Interested in more discussions like this? Go to the Depression & Anxiety Support Group.
Connect

@joseph70
Just please go away. One size does not fit all. You’re nothing more than a bully and I’d really appreciate you not contact or comment on my posts in the future. I don’t need or desire your judgement or negativity in my life. You know absolutely nothing about me. Focus on your own life instead of making other people miserable.

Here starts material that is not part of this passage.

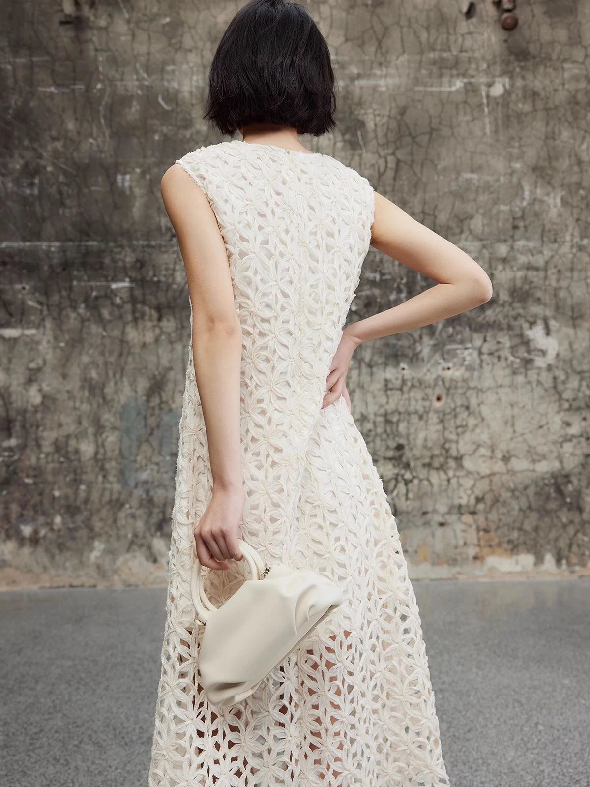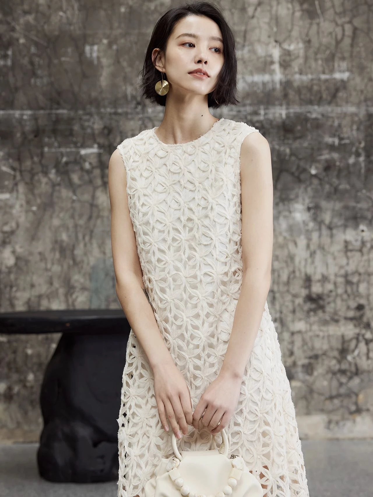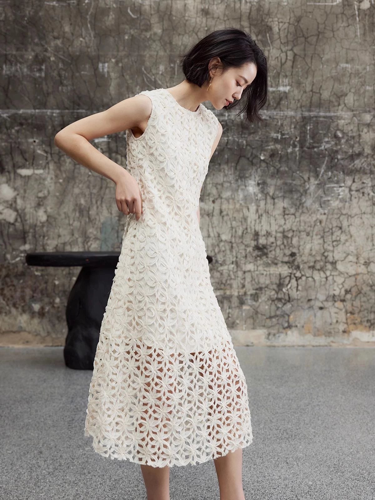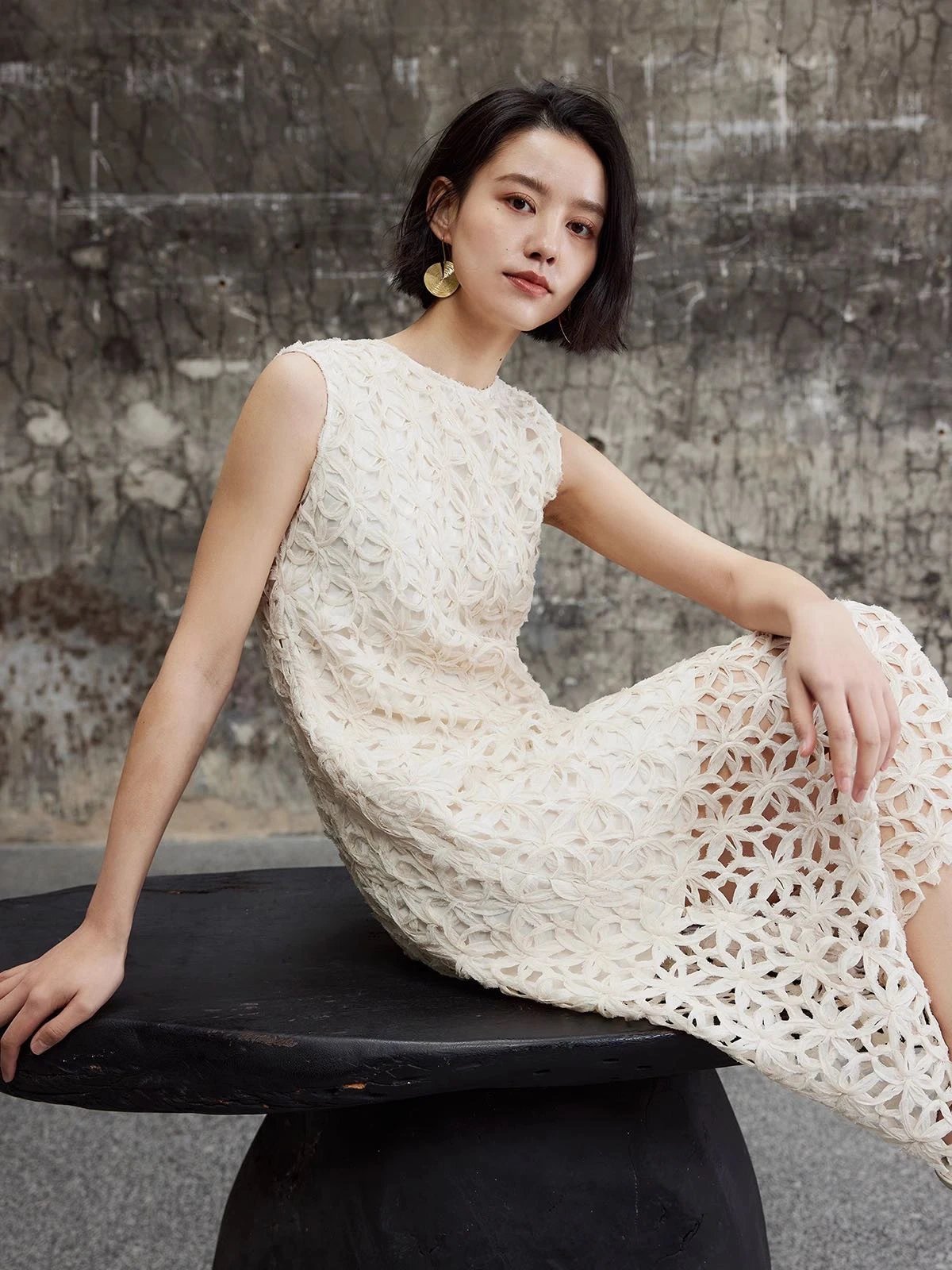 LPIUTY品牌直发❗️重磅高定⚠️Valen*tino同款天丝面料连衣裙❗️⚠️月下初恋白绣花无袖连衣裙
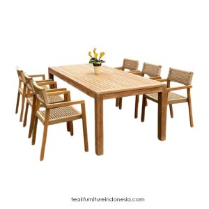 Renowned for its exceptional durability and resistance to the elements, teak wood stands out as the ideal choice for outdoor furniture. Teak stands out from other woods by naturally resisting moisture, insects, and the inevitable wear and tear of outdoor conditions, ensuring it won’t warp, crack, or fade over time. Investing in a teak outdoor dining set means acquiring a stunning piece of furniture that promises durability for years to come. No matter if you’re facing high humidity, blazing sun, or fluctuating temperatures, teak rises to the occasion, preserving its durability and allure in every environment.

@mike8 Sorry, Mike: I just "found" your email as I was deleting the couple of hundred mails that had piled up while I was out of the country and not using this email address. As far as self-awareness goes, I've met so many wonderful people during my surf travel adventures around the globe over half a century; And I'm an avid reader, so I stashed away more info than I was ever able to use, although now that I'm an older person, and finally a grownup, it's all coming together. I've been doing lots of trauma work, and that's helped me to get to the root of my old and now unnecessary survival habits. I have a couple of great workbooks I'm currently using: Transforming the Living Legacy of Trauma by Janina Fisher, whose mentors were Bessel Van der Kolk and Gabor Maté, am doing Dialectal Behavior Therapy, also with workbooks. I chose that method over Cognitive Behavior because I'm a socialist, and that's the nuts and bolts of Marxism; simplified, it's a compromise between to opposite feelings which create a rebirth/natality in another direction. The work is easy, but you have to be persistent. Hannah Arendt's works have greatly influenced my life, especially her book, The Human Condition. Now that I have a neurological disorder, I've had time to reflect and grow. Along with being a surfer for sixty years, I'd been studying Chinese martial arts which encompasses the five milenia history and culture of an amazing and ever-expanding civilization. In my daily practice of Tai Chi, I'm deeply rooted in Eastern thought--entirely different from the individualism of Western society, which is one of the many reasons the U.S. collapse was inevitable. Plato said that democracy could never be realized because democratic leaders would always be the best actors and showmen, not great thinkers or statesmen. Proof positive, our prez, and worse, Vance--placed there by Palantir and millions of dollars. Also, we're focused on instant gratification rather than building for future generations, while the Chinese are taught from early on to be cooperative. I was amazed when I was fortunate to have visited. Their infrastructure is light years ahead of ours--thousands of miles of high-speed light rail, cheap, economical electric vehicles, amazing engineering works, an education system that builds generations of people working together for the greater good. Sorry, got off track.
It's also helpful to journal, to put your feelings down on paper: prose, notes, artwork, dreams, what your day was like, the people you met; and I finish each day's entries with gratitude. It's easy to forget what a gift we have being on this planet; And we're only here for a brief moment. As I began to slow down, I gained clarity.
Benzos: When I last visited Brazil, a doctor friend of mine wrote out a prescription for Klonopin and gave me some boxes of samples. When I eventually ran out, I was able to find an online "supplier" called MEDvidi. I pay $159/mo to see a doc writes me 'scrips for
0.25 mg alprazolam which I take only as necessary. They're fast-acting and helpful for my
occasional panic attacks. I'm tempted to take a pill whenever I interpret my tremors as anxiety, but don't, although I feel safe knowing I have one on hand. I'm currently trying water micro-dosing to taper down. Stopping abruptly was nothing short of torture. I was taking 2 mg/day plus 10 mg of Ambien. On top of nausea and vomiting, I ended up having a tia (mini stroke)--lost a bit of feeling down the left side of my body, but it's not a big deal.
So, Mike, please be gentle with yourself as you work on your issues. There's another self inside you that needs love and attention. I hope you connect with that beautiful person and get to share him with the world. Thank you for reaching out to me.